*THE PROBLEM:*
What you return must match the records word for word, except that pictures are dropped.
——————
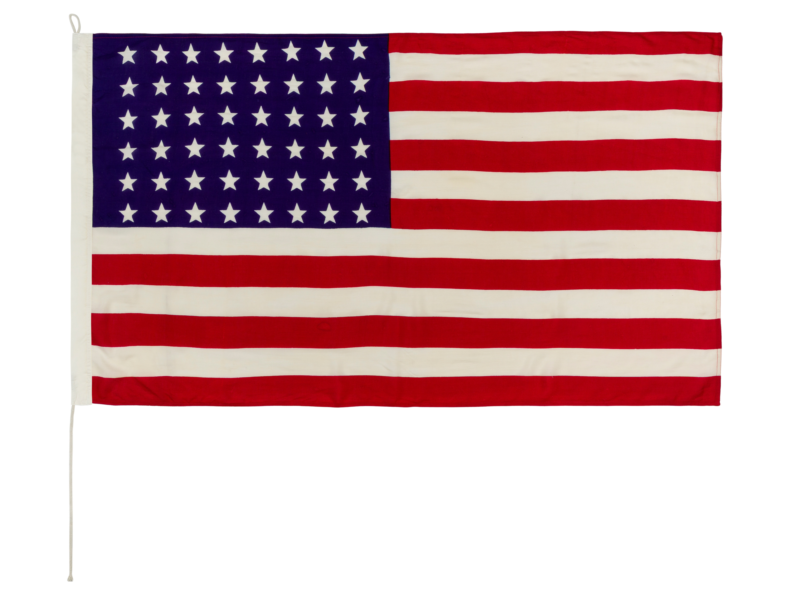A replica of the American national flag in a printed version with 48 stars. Made on thin cotton fabric.
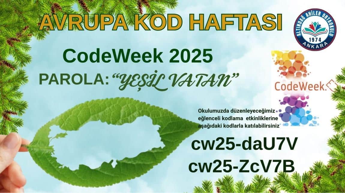 Ahiler Ortaokulu olarak bu yıl 11-26 Ekim 2025 tarihleri arasında gerçekleştirilecek olan Avrupa Code Week (Kodlama Haftası) kapsamında "Parola: Yeşil Vatan" temasıyla düzenlenen etkinliğimiz, öğrencilerimize hem dijital beceri kazandırma hem de sürdürülebilir çevre bilinci kazanmalarını ve yaratıcılığa teşvik etme yolunda kodlama yapıyoruz. Okulumuzda Bilişim öğretmenimiz rehberliğinde yürütülecek olan bu etkinlikte öğrencilerimizin doğa sevgisi ve çevre koruma duyarlılığı geliştirmeleri, ormanlarımızın ve doğal kaynaklarımızın korunmasına yönelik farkındalık kazanmaları ve sürdürülebilir bir yaşam için doğanın eşsiz önemini kavramaları amaçlanıyor.
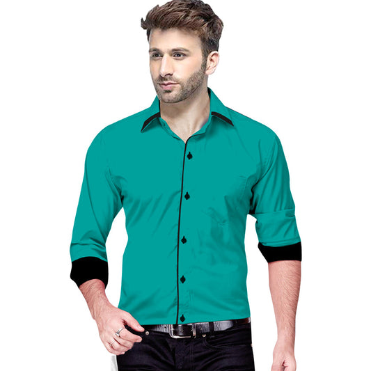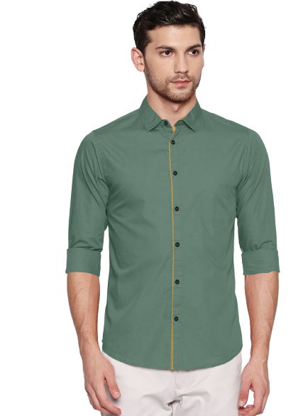 Men's Liner Design Slim Fit Dark Green Cotton Shirt
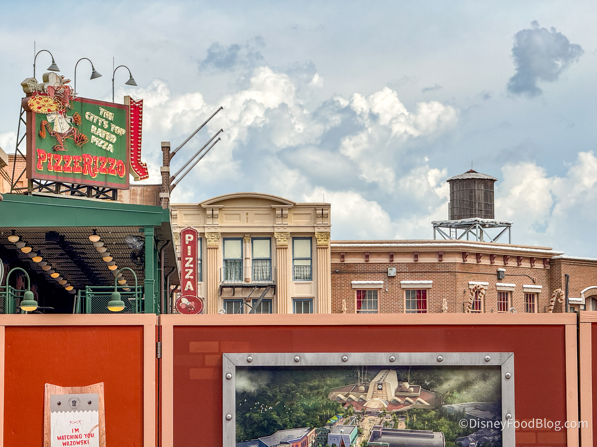 Muppet*Vision, PizzeRizzo, and Mama Melrose’s Ristorante Italiano all reopened this year for Monsters, Inc. themed land. Above the construction walls, we’re slowly seeing signs being taken down as they work on the new hanging door roller coaster behind the space and turn Muppet*Vision into a new show.
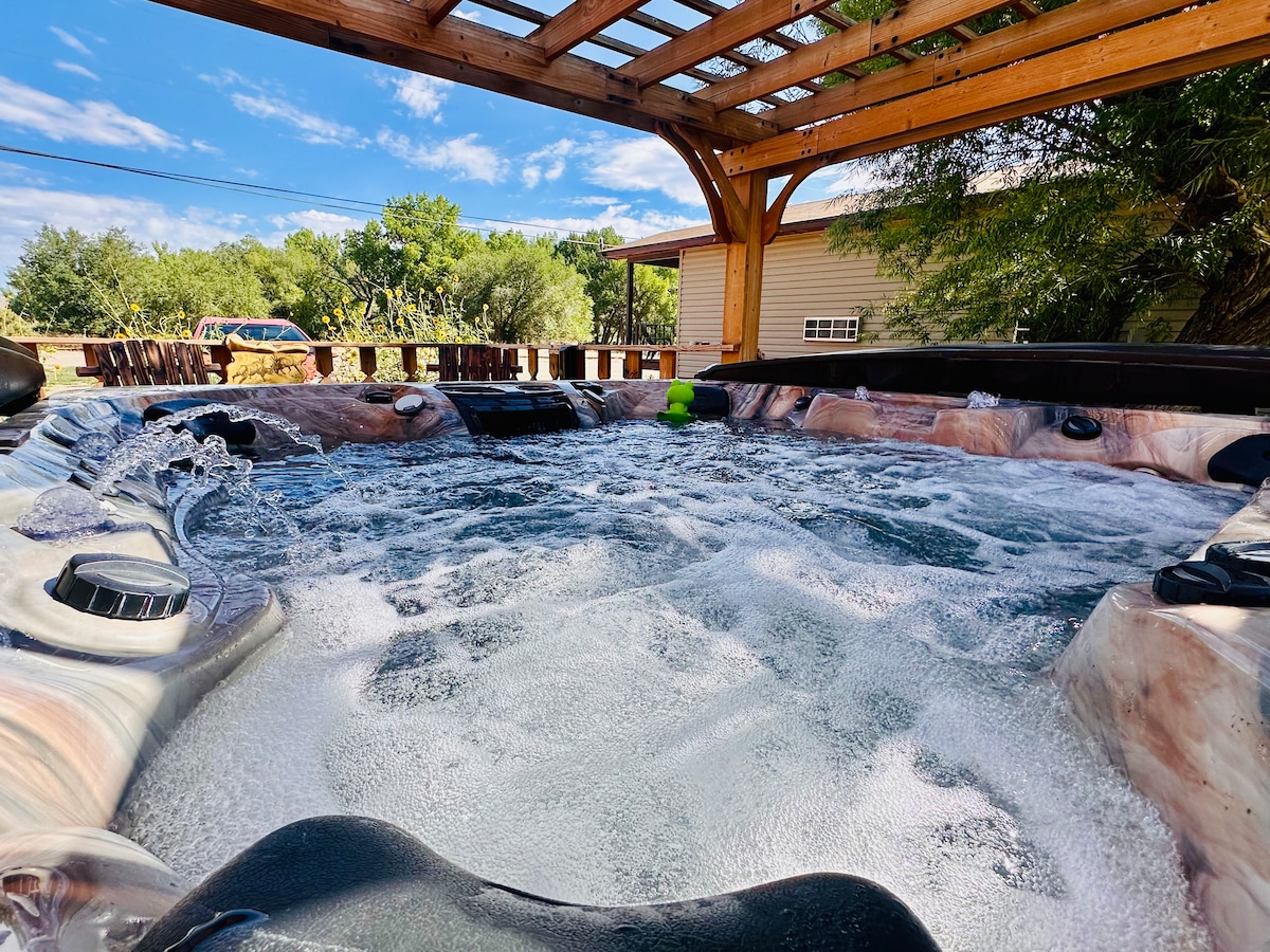 Évadez-vous dans un studio paisible sur notre ferme en activité le long du fleuve Colorado, à quelques minutes des cafés et des restaurants de Silt, Colorado. Profitez d'un sauna privé, d'un accès à la rivière, de la pêche au large du quai et d'un cadre champêtre tranquille entouré de chèvres, de poulets et de notre vache laitière Jersey. Le mélange parfait de détente, de nature et de commodité.
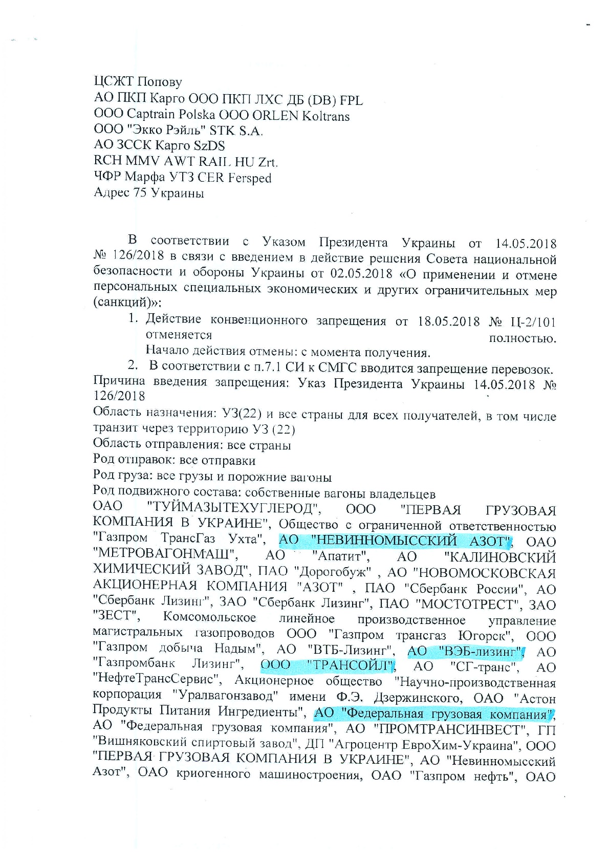 «Укрзализныця» не пропускает цистерны с сжиженным газом «Роснефти» в Украину, в связи с решением совета Национальной безопасности и обороны Украины от 2 мая 2018 года, о введении новых и продлении старых санкций против российских юридических и физических лиц.
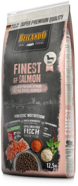 Finest Grain Free Lazac 12,5kg Ajánlott kis- és közepes testű fajták válogatós, kifejlett kutyáinak, akik érzékenyek a gabonára és a szárazföldi melegvérű emlős állatokból vagy madarakból származó fehérjékre. Különleges összetétel, különleges esetekhez. Mivel kizárólag állati fehérjeforrásként a hal került felhasználásra , ezért ez a gabonamentes receptúra
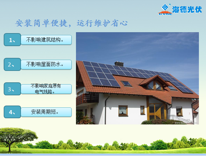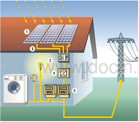 1、太陽能電池組件;2、鏈接箱;3、組件支架;4、并網(wǎng)逆變器;5、線纜配件;
——————
*TASK RESULT:*
A replica of the American national flag in a printed version with 48 stars. Made on thin cotton fabric.
 Ahiler Ortaokulu olarak bu yıl 11-26 Ekim 2025 tarihleri arasında gerçekleştirilecek olan Avrupa Code Week (Kodlama Haftası) kapsamında "Parola: Yeşil Vatan" temasıyla düzenlenen etkinliğimiz, öğrencilerimize hem dijital beceri kazandırma hem de sürdürülebilir çevre bilinci kazanmalarını ve yaratıcılığa teşvik etme yolunda kodlama yapıyoruz. Okulumuzda Bilişim öğretmenimiz rehberliğinde yürütülecek olan bu etkinlikte öğrencilerimizin doğa sevgisi ve çevre koruma duyarlılığı geliştirmeleri, ormanlarımızın ve doğal kaynaklarımızın korunmasına yönelik farkındalık kazanmaları ve sürdürülebilir bir yaşam için doğanın eşsiz önemini kavramaları amaçlanıyor.
 Men's Liner Design Slim Fit Dark Green Cotton Shirt
 Muppet*Vision, PizzeRizzo, and Mama Melrose’s Ristorante Italiano all reopened this year for Monsters, Inc. themed land. Above the construction walls, we’re slowly seeing signs being taken down as they work on the new hanging door roller coaster behind the space and turn Muppet*Vision into a new show.
 Évadez-vous dans un studio paisible sur notre ferme en activité le long du fleuve Colorado, à quelques minutes des cafés et des restaurants de Silt, Colorado. Profitez d'un sauna privé, d'un accès à la rivière, de la pêche au large du quai et d'un cadre champêtre tranquille entouré de chèvres, de poulets et de notre vache laitière Jersey. Le mélange parfait de détente, de nature et de commodité.
 «Укрзализныця» не пропускает цистерны с сжиженным газом «Роснефти» в Украину, в связи с решением совета Национальной безопасности и обороны Украины от 2 мая 2018 года, о введении новых и продлении старых санкций против российских юридических и физических лиц.
 Finest Grain Free Lazac 12,5kg Ajánlott kis- és közepes testű fajták válogatós, kifejlett kutyáinak, akik érzékenyek a gabonára és a szárazföldi melegvérű emlős állatokból vagy madarakból származó fehérjékre. Különleges összetétel, különleges esetekhez. Mivel kizárólag állati fehérjeforrásként a hal került felhasználásra , ezért ez a gabonamentes receptúra
 1、太陽能電池組件;2、鏈接箱;3、組件支架;4、并網(wǎng)逆變器;5、線纜配件;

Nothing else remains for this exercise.